Fatou Sy, pour sa part, affirme avoir été escroquée de la somme de 1 300 090 francs.
À en croire le conseil de la Sonatel qui s’est aussi constituée partie civile, le préjudice causé est énorme et l’appréciation n’est pas exhaustive. Ainsi, la société réclame 50 000 000 pour combler le préjudice moral et matériel que les mis en cause leur ont fait subir. Il a aussi demandé au tribunal de les condamner à une lourde peine aux fins de dissuader ceux qui comptent les imiter.
À titre de dommages et intérêts, les parties civiles réclament le remboursement des sommes d’argent soutirées.
Outre les préjudices causés aux victimes, le procureur Ousmane Ndiaye déplore la manière dont les prévenus ternissent le nom ‘’Niass’’. Selon lui, à cause de ces arnaqueurs, personne ne fait plus confiance à ceux qui portent ce nom. Ainsi, il a requis la peine de trois ans de prison ferme qui, selon lui, va enrayer ce fléau.

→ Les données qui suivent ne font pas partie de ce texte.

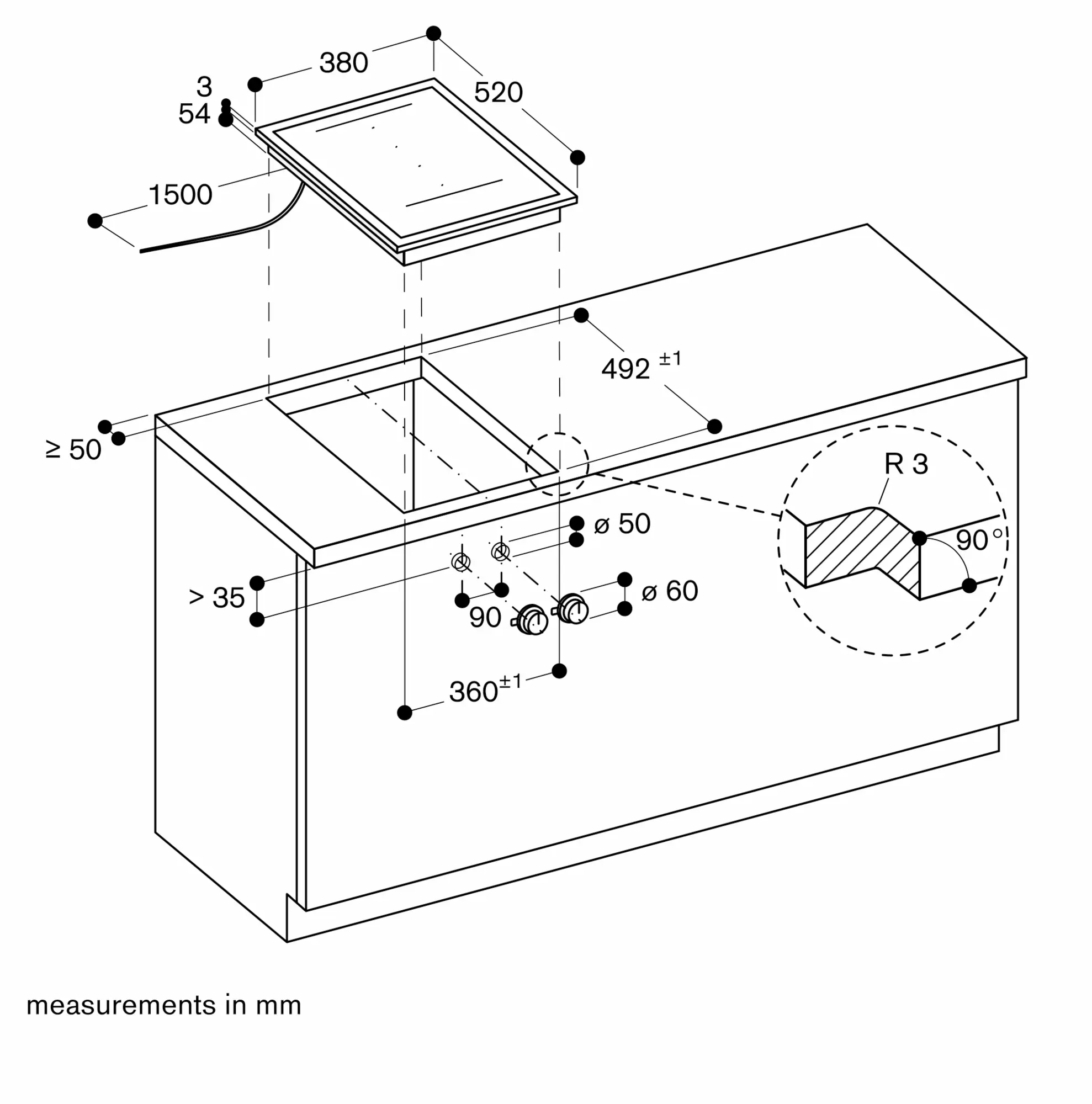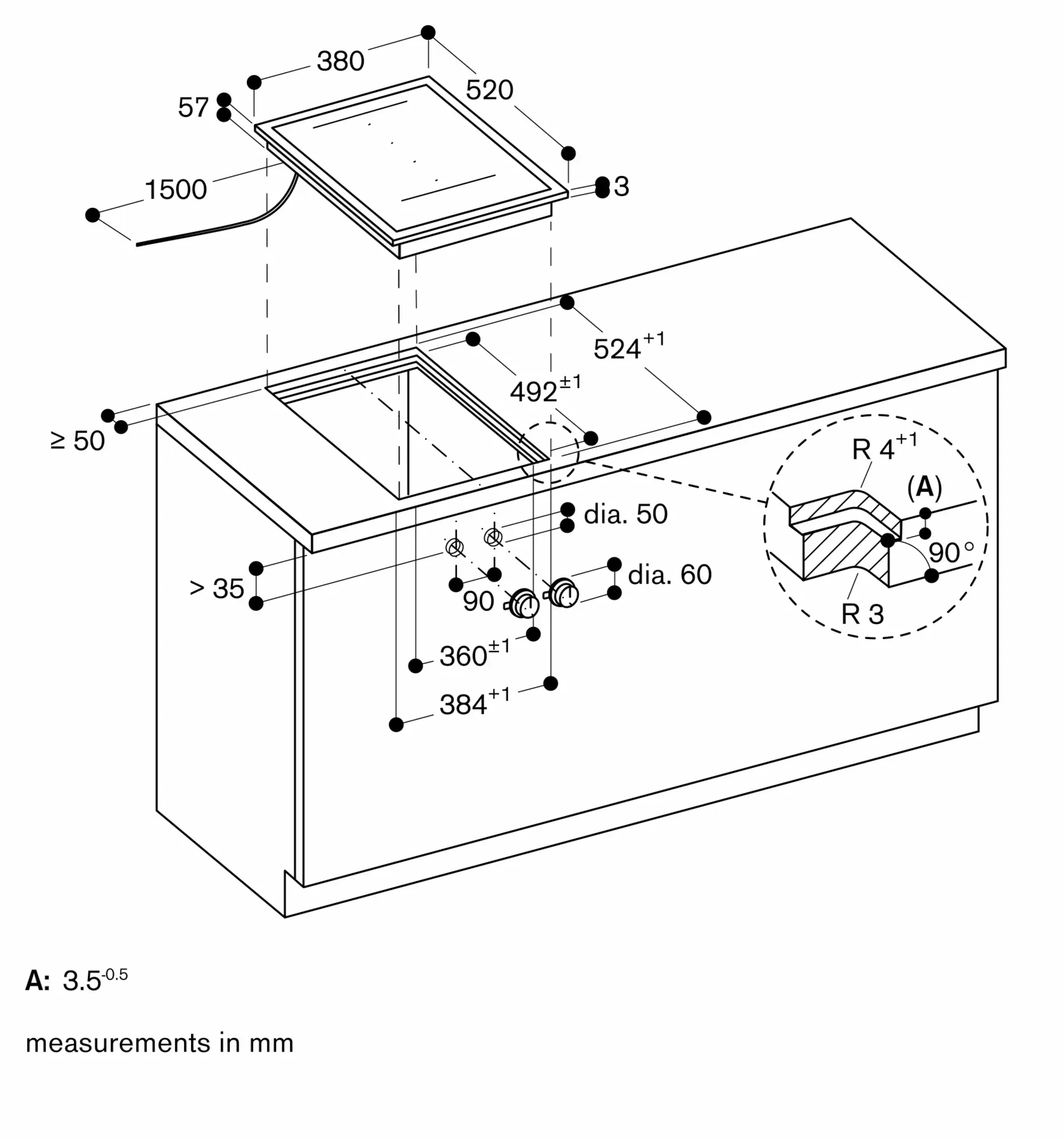 Installation is possible in worktops made of stone, synthetics or solid wood. Heat resistance and watertight sealing of the cut edges must be observed. Concerning other materials please consult the worktop manufacturer.

Lors des plaidoiries, les conseils de la défense ont tenté de laver à grande eau les mis en cause. Car, plaident-ils, leurs clients ont déclaré n’avoir jamais reçu de transfert d’argent. À cet effet, ils ont demandé au tribunal de les relaxer au bénéfice du doute.
Les débats clos, l’affaire est mise en délibéré au 17 février prochain.